Bolling vows to support NCI

April 19, 2011

By MICKEY POWELL - Bulletin Staff Writer

Lt. Gov. Bill Bolling on Monday pledged his help in convincing the General Assembly to let the New College Institute (NCI) in Martinsville become a branch campus of one of Virginia’s state-supported universities.

“It’s amazing” the progress NCI has made in its first five years, Bolling told area business leaders, educators and lawmakers during a private discussion in the Martinsville Middle School library. About 25 people attended.

One of Bolling’s duties as lieutenant governor is presiding over the Senate.

Lawmakers understand the need to improve higher education opportunities in the state, so “I think you’ll get overwhelming support from them,” he said. “I don’t think you’ll get a lot of opposition” at all.

Yet due to economic constraints, funding will be a major concern for legislators, he added.

He asked if it has been determined how much it would cost to affiliate NCI with any particular university.

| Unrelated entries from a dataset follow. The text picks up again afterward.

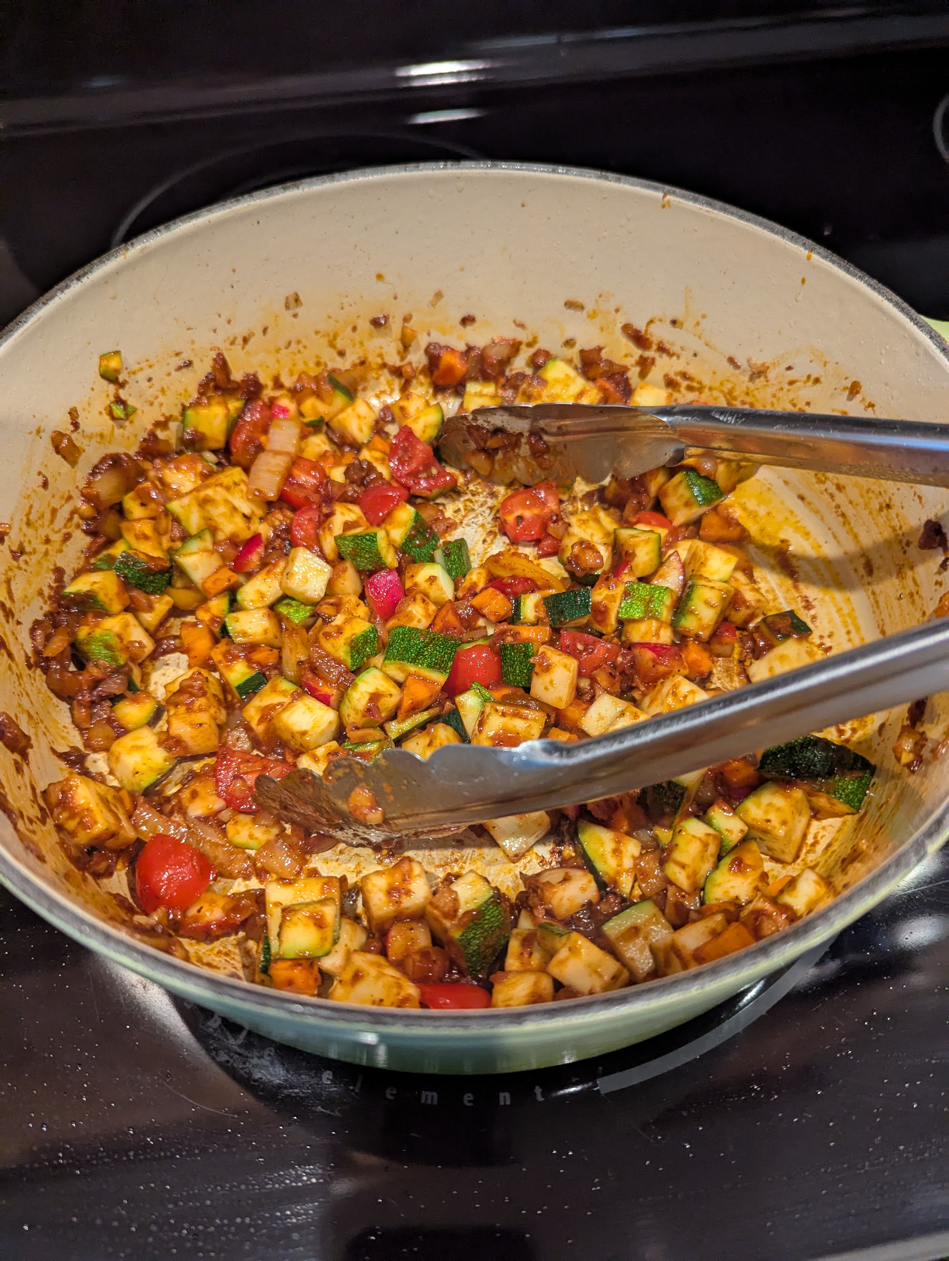 - Add carrots, zucchini, and bell pepper. Cook until just softened, about 5 minutes.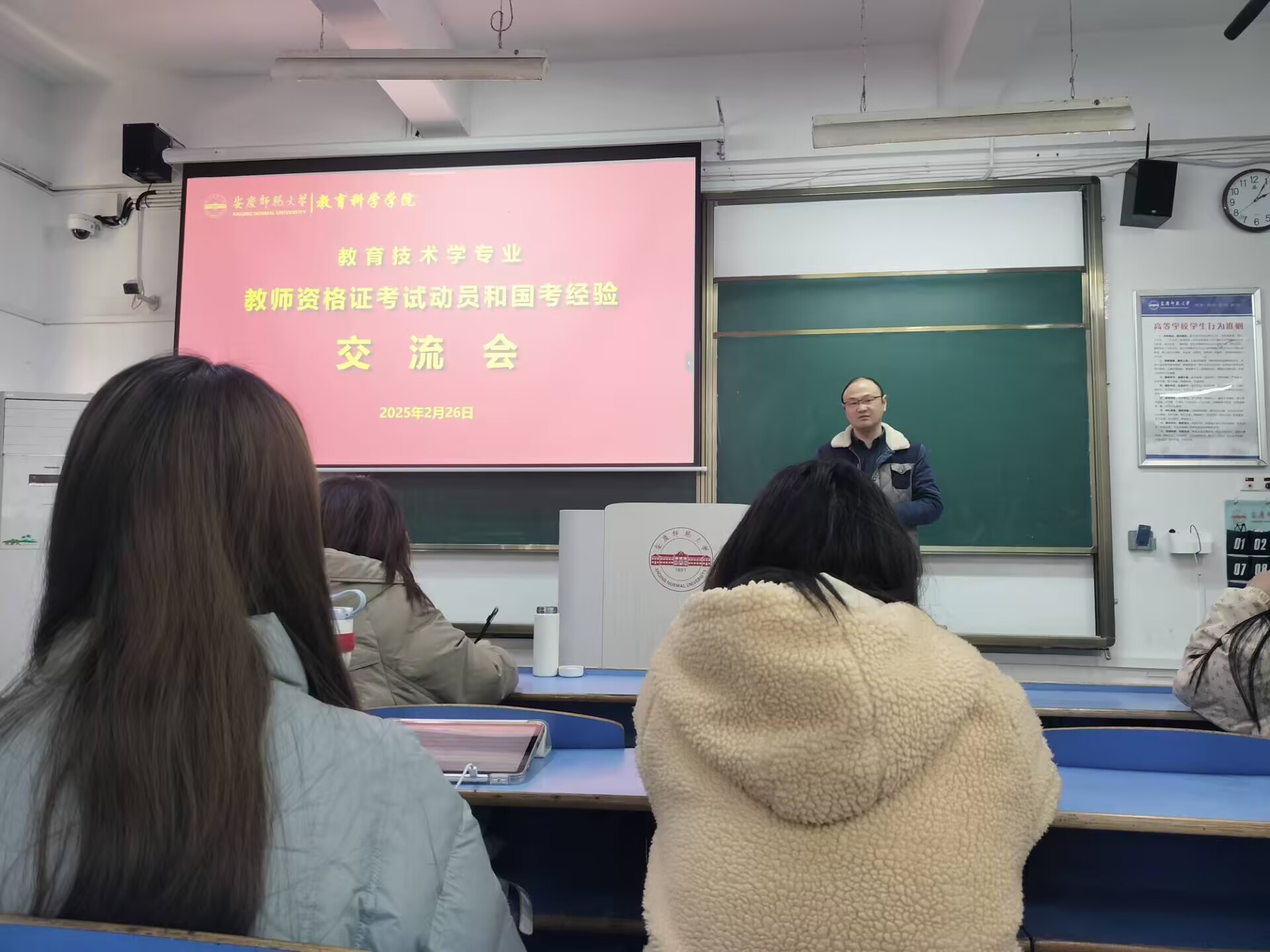 2025年2月26日下午,伟德源自英国始于1946教育技术系举行教师资格证考试动员和国考培训会。会议邀请2022级教育技术学专业马云婷同学担任主讲,由韦伟老师主持。教育技术学专业2022级、2023级、2024级共110余人参加。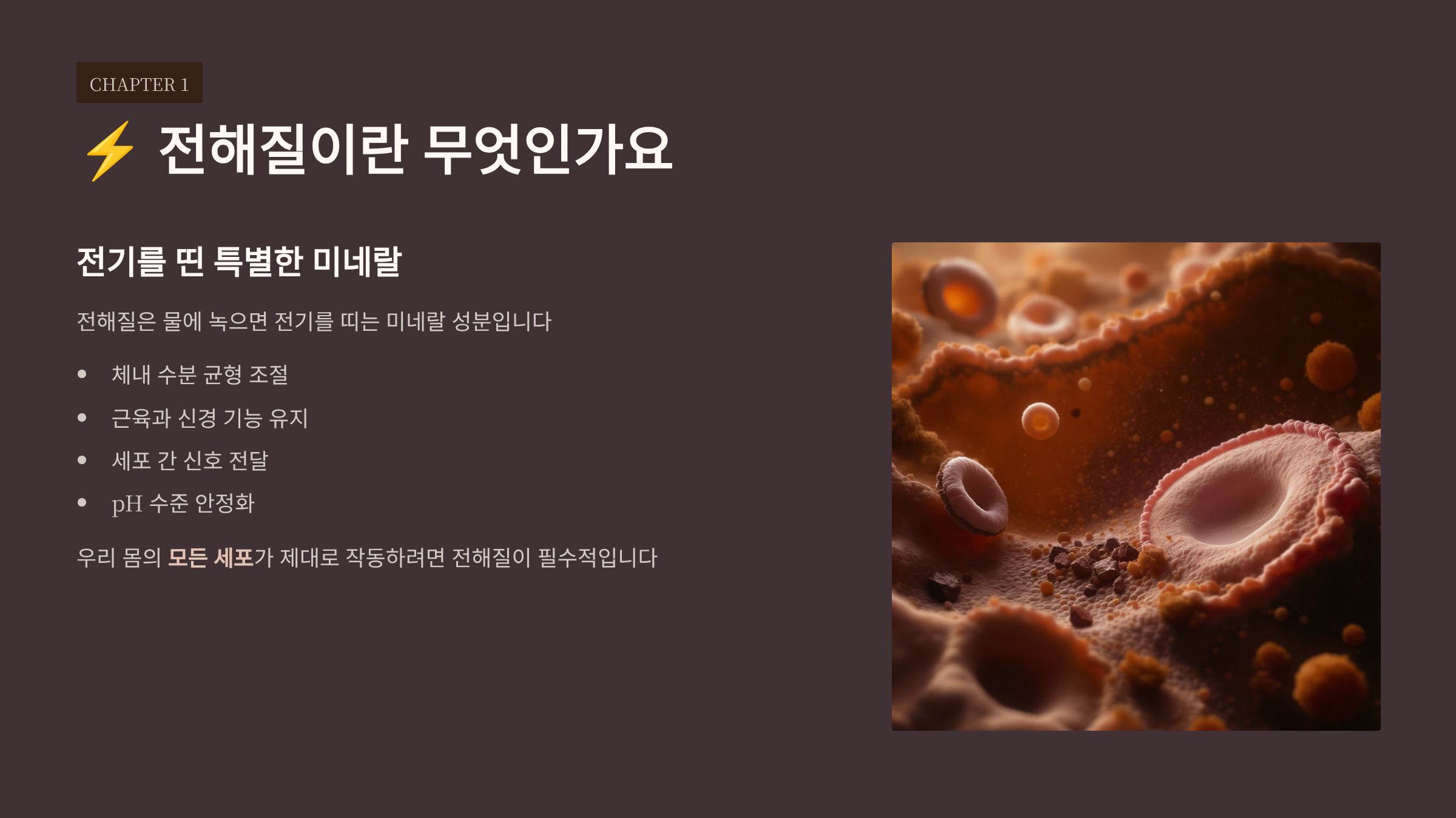 내가 생각했을 때 전해질의 가장 놀라운 점은 아주 적은 양으로도 우리 몸 전체의 기능에 영향을 미친다는 거예요. 예를 들어 심장이 규칙적으로 박동하는 것도, 근육이 수축하고 이완하는 것도, 뇌에서 신경 신호가 전달되는 것도 모두 전해질 덕분이에요. 마치 전기 회로에서 전류가 흐르듯이 전해질이 우리 몸의 전기적 신호를 원활하게 전달해 주는 거죠.

NCI Board of Directors Chairman Rob Spilman said each of the four potential “parent” universities wants an affiliation to be “as cost-neutral as possible” — in other words, not a financial drain on either the university or the institute.

Joe Scartelli, Radford University’s interim provost, did not participate in the discussion but attended NCI’s graduate recognition ceremony Monday night. Interviewed before the ceremony, he echoed Spilman’s remark, saying, “all of us (state-supported universities) don’t have a dime extra” to spend on new efforts due to funding cuts in recent years.

When the state thinks it is necessary to impose cuts, “universities tend to get cut first” because lawmakers know the institutions can make up for the losses by increasing tuition and fees, Bolling admitted in the discussion.

Bolling said state officials in the next 60 days will start considering budget issues to present to the General Assembly in 2012. He said “the earlier you can give us an idea” of how much it will cost to affiliate NCI with a university, “the better,” but that information is needed by Sept. 1 at the latest.

NCI offers local access to higher-level courses needed to meet requirements for certain bachelor’s and master’s degrees bestowed by various universities across the state. Currently, the institute has about 400 students; by the end of spring semester, it will have about 245 graduates.

A university branch campus is needed in Martinsville because “education is the key to getting us out of this ditch we’re in” economically, said Harvest Foundation Board of Directors Chairman Larry Ryder.

Studies have shown that only about 11.6 percent of adults in the area have college degrees compared with the statewide average of about 29.5 percent, according to NCI Executive Director Barry Dorsey.

Four universities have expressed interest in the idea of turning NCI into a branch campus of their institutions and will submit proposals by June 1. In addition to Radford, they are George Mason, Virginia Commonwealth and Virginia State universities.

Bolling said each of those universities is a quality institution. When proposals are received, he told the local leaders, “you’re going to have a tough decision to make” in terms of choosing the one with which to affiliate.

A panel headed by Virginia Commonwealth president emeritus Eugene Trani, who is an NCI board member, will evaluate the proposals.

Spilman said he hopes the panel will be able to make a recommendation as to which university should take over NCI by mid- to late June.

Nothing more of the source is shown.